> **Data segment**:
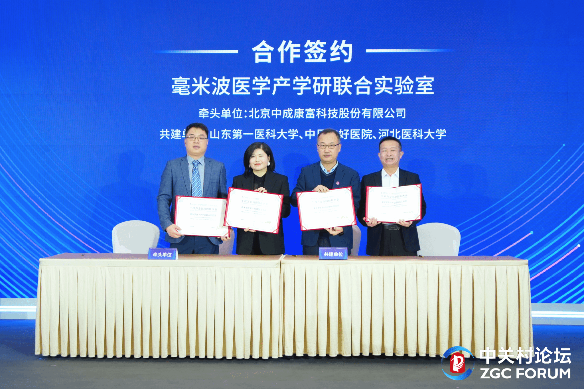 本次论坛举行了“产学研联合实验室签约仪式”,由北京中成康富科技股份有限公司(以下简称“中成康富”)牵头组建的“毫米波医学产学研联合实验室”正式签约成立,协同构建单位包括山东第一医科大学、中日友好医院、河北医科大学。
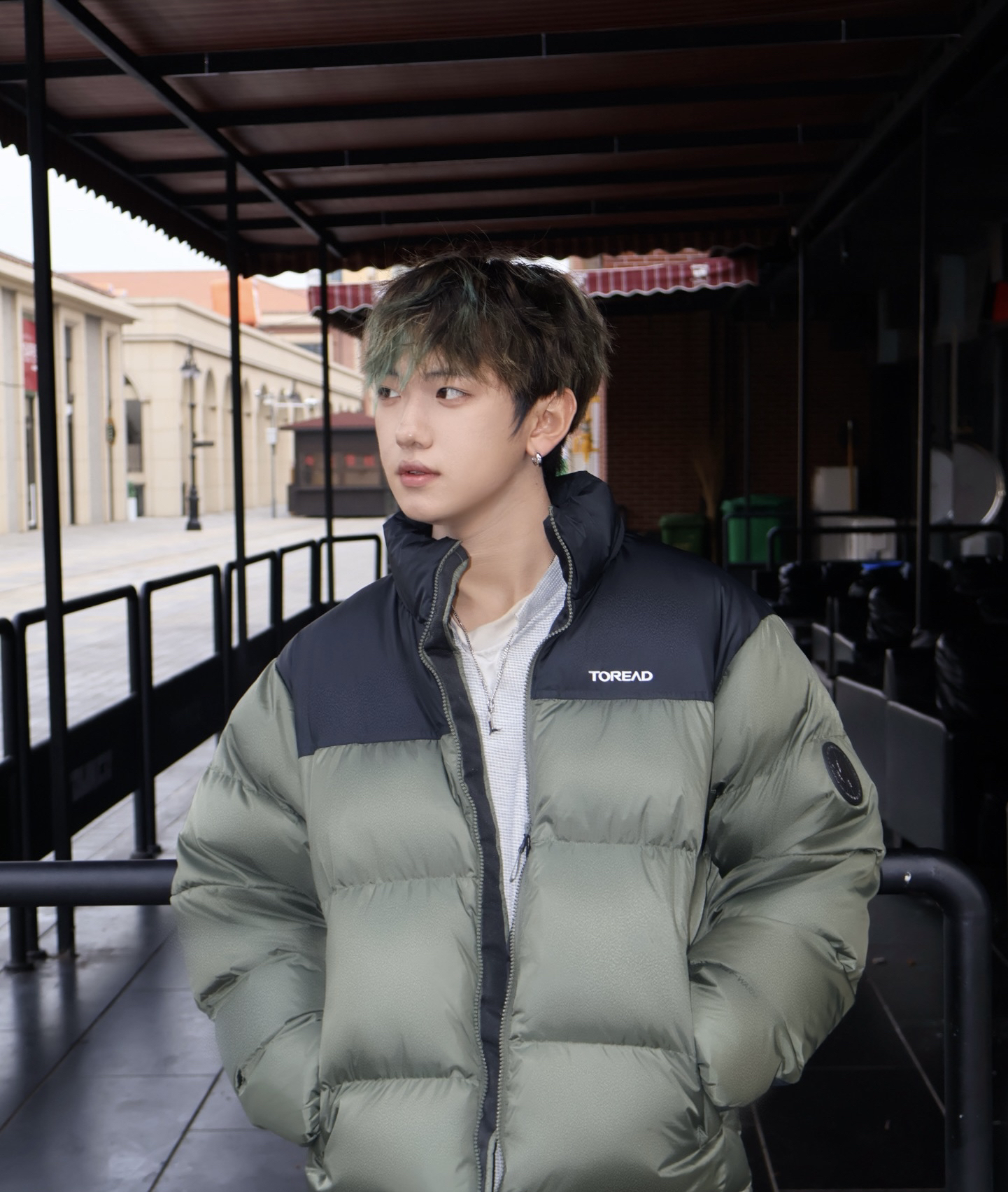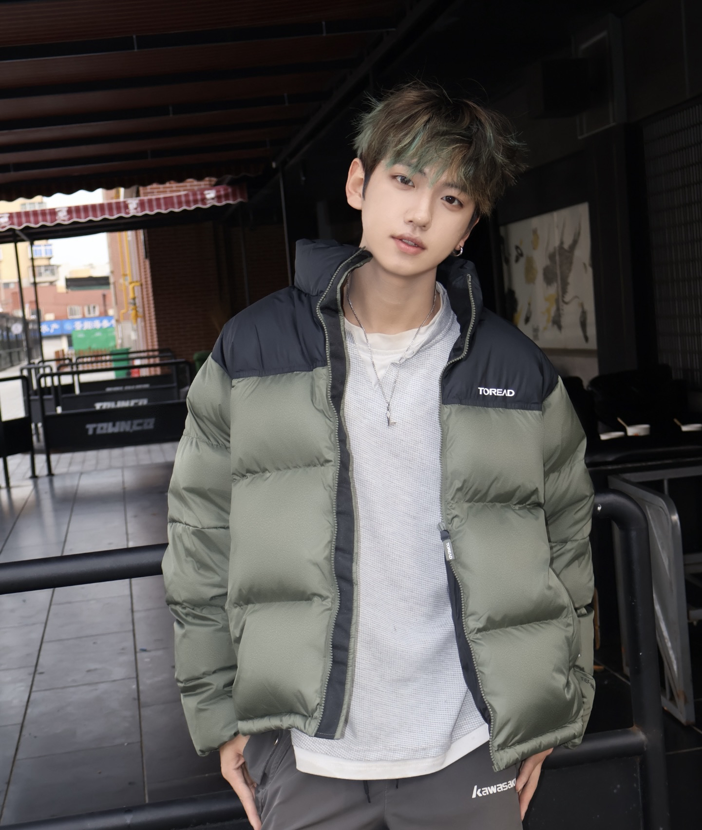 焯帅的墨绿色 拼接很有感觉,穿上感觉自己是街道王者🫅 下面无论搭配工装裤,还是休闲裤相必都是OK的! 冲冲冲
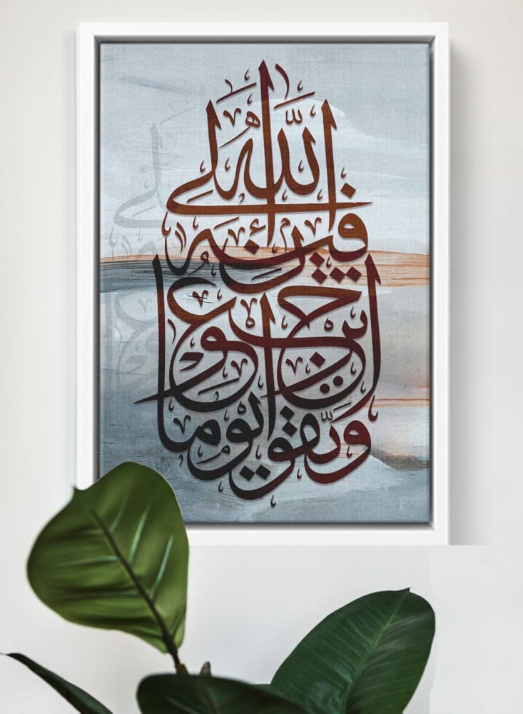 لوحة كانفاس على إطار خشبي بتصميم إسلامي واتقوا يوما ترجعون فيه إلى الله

> **Task details**:
With the pictures removed, repeat the listing above exactly as it stands.

> **Answer section**:
 本次论坛举行了“产学研联合实验室签约仪式”,由北京中成康富科技股份有限公司(以下简称“中成康富”)牵头组建的“毫米波医学产学研联合实验室”正式签约成立,协同构建单位包括山东第一医科大学、中日友好医院、河北医科大学。
 焯帅的墨绿色 拼接很有感觉,穿上感觉自己是街道王者🫅 下面无论搭配工装裤,还是休闲裤相必都是OK的! 冲冲冲
 لوحة كانفاس على إطار خشبي بتصميم إسلامي واتقوا يوما ترجعون فيه إلى الله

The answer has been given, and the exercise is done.